How Is Thalassemia Inherited?
Thalassemia is inherited in an autosomal recessive manner. The genes are present on the chromosomes for expressing the globin, which is important in formation of hemoglobin. Any mutation of these genes may cause thalassemia.
How Is Thalassemia Inherited?
Hemoglobin is made up of, alpha globin and beta globin. The expression of alpha globin and beta globin is done by the genes present on the chromosomes, the genes responsible for expression of alpha globin HBA1 and HBA2. These are present in the pair on chromosome 16. The genes responsible for the expression of beta globin are HBB. It is present in single pair on chromosome 11. When any out of four genes of the alpha globin on chromosome 16 gets mutated, the condition is known as alpha thalassemia. When any out of two genes responsible for expressing beta globin is mutated, the condition is known as beta thalassemia.
The severity of the thalassemia depends upon the number of genes that gets mutated. More the number of genes get mutated, more severe the symptoms and more aggressive treatment is required. Mutation in the related genes may result in either reduced or complete absence of normal hemoglobin synthesis. This leads to the loss of RBC.
The characteristic symptom is presence of anemia. The inheritance of thalassemia disease follows the recessive inheritance. Thus, if only a single gene is mutated, the other copy makes up the loss for mutated gene and the patient experiences no or very mild symptoms. Thus, in order to manifest the symptoms, both the copies should be mutated. The person with mutation in one gene is called as carrier and they chance of inheritance of this gene is 50%.
If both the parents are carrier then there is 50% chance that the offspring will be carrier, 25% chance of being normal and 25% chance of being diseased. The mild form of the disease is termed as thalassemia minor and severe form of the disease is termed as thalassemia major.
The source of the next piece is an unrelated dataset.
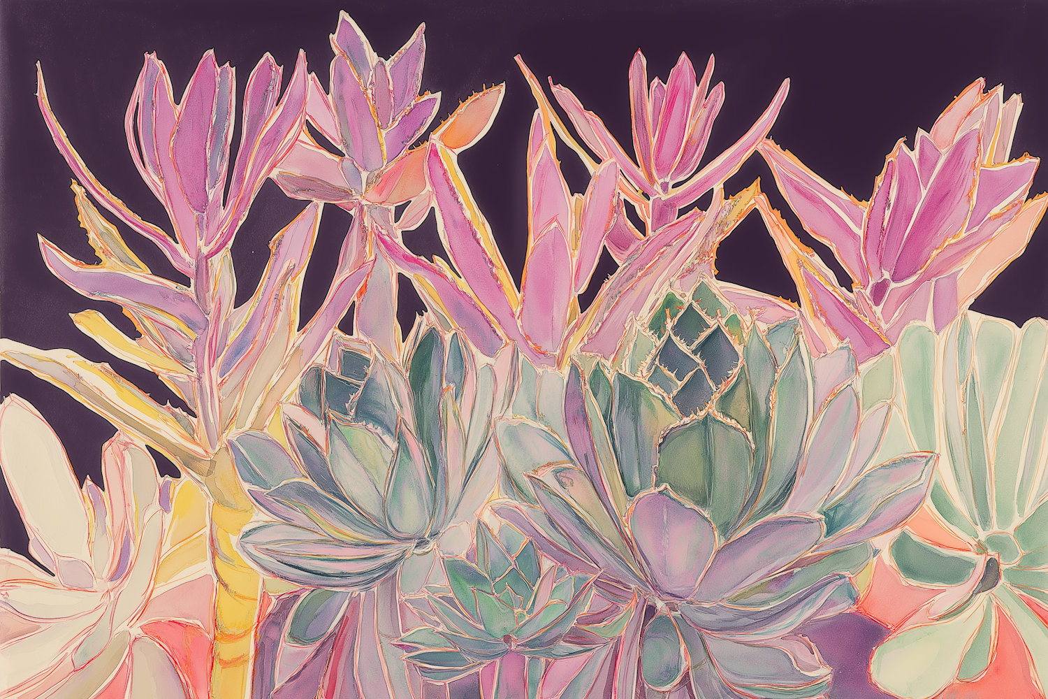 Vibrant illustration of colorful succulents with pink, purple, and green hues against a dark background.

Thalassemia is the condition in which there is a production of abnormal hemoglobin. Hemoglobin is made up of two alpha and two beta globin units. The expression of this globin is controlled by the genes. Any mutation in these genes causes thalassemia. In this condition, the hemoglobin is abnormal, thus the bone marrow is not able to produce sufficient number of red blood cells. Thus, this condition may lead to anemia.
The symptoms of this condition start noticing after 6 months as till 6 months, the infant produces fetal hemoglobin which is not expressed by these genes. The standard therapy for managing the severe form of disease is blood transfusion, but it may have disadvantages such as iron overload. Stem cell transplantation, counseling and interruption in pregnancy are other measures used in thalassemia.
Hemoglobin is an importation component of the blood which is a fluid connective tissue. The function of hemoglobin is to carry the oxygen to different parts of the body and the red blood cells are produced in bone marrow. Thalassemia is the disease related to production of abnormal hemoglobin and this may cause variety of symptoms. Following are the symptoms and complications experienced by the patients suffering from thalassemia:
Fatigue: Hemoglobin is required in the body for carrying oxygen to various organs of the body. The tissues of the organ use oxygen and produce energy. Presence of abnormal hemoglobin either reduces the capacity to carry oxygen or may completely stops the process. This may lead to severe fatigue.
Bone Deformation: As the bone marrow, this produces red blood cells, starts growing to produce more red blood cells, leading to bone deformation.
Iron Overload: Due to frequent blood transfusion, there is an iron overload. It is a symptom of thalassemia.
Pale Skin: As hemoglobin is responsible for imparting reddish color to skin, low level of hemoglobin makes the skin pale.
Anemia: Anemia is one of the major symptoms of thalassemia.
The genes responsible for thalassemia are present on chromosome 11 and chromosome 16. Any mutation in these genes causes thalassemia. The severity of disease depends upon the number of genes that gets mutated.